── Source records

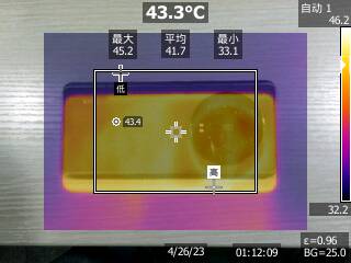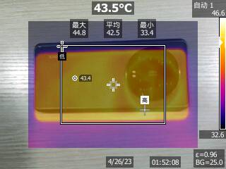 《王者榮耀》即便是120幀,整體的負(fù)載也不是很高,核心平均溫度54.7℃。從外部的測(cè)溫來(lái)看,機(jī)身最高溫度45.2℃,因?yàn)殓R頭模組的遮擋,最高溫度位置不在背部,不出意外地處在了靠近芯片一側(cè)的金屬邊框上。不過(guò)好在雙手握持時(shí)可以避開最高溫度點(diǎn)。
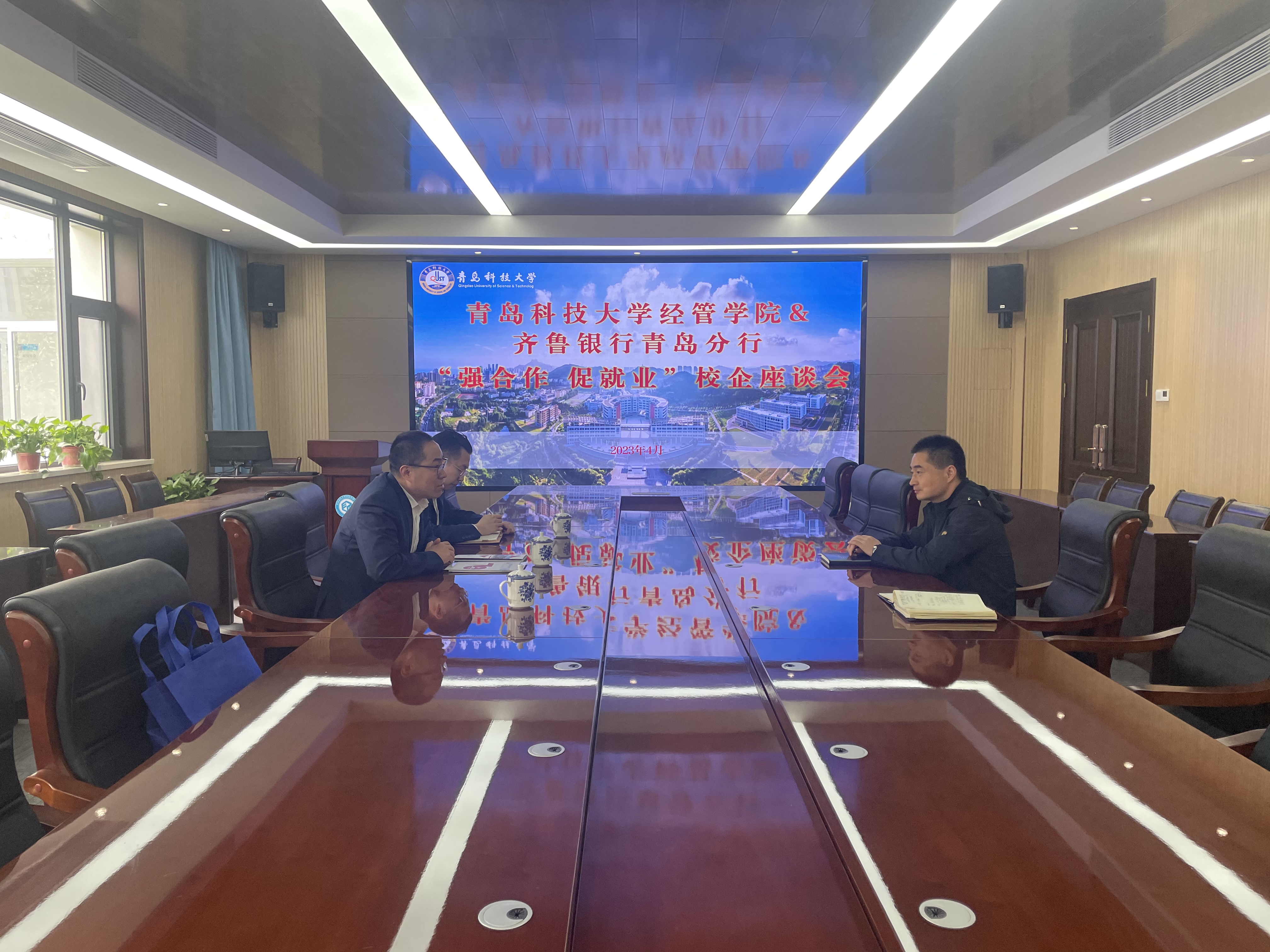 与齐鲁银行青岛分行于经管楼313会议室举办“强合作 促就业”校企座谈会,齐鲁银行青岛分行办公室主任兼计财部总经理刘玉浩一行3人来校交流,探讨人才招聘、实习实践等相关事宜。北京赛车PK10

────
── Source records

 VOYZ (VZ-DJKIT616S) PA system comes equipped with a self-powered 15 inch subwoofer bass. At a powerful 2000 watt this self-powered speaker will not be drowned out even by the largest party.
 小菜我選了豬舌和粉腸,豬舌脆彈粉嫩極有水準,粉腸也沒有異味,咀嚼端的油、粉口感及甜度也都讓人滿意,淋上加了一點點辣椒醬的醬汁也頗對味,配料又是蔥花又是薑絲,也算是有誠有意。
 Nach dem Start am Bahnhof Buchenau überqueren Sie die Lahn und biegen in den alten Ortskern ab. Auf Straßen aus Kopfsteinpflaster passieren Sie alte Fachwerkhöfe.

────

▸ Problem to solve
Using the data above, repeat exactly the lines that begin at the line with "小菜我選了豬舌和粉腸,豬舌脆" and end at the line with "Nach dem Start", both ends included.

▸ Response below
 小菜我選了豬舌和粉腸,豬舌脆彈粉嫩極有水準,粉腸也沒有異味,咀嚼端的油、粉口感及甜度也都讓人滿意,淋上加了一點點辣椒醬的醬汁也頗對味,配料又是蔥花又是薑絲,也算是有誠有意。
 Nach dem Start am Bahnhof Buchenau überqueren Sie die Lahn und biegen in den alten Ortskern ab. Auf Straßen aus Kopfsteinpflaster passieren Sie alte Fachwerkhöfe.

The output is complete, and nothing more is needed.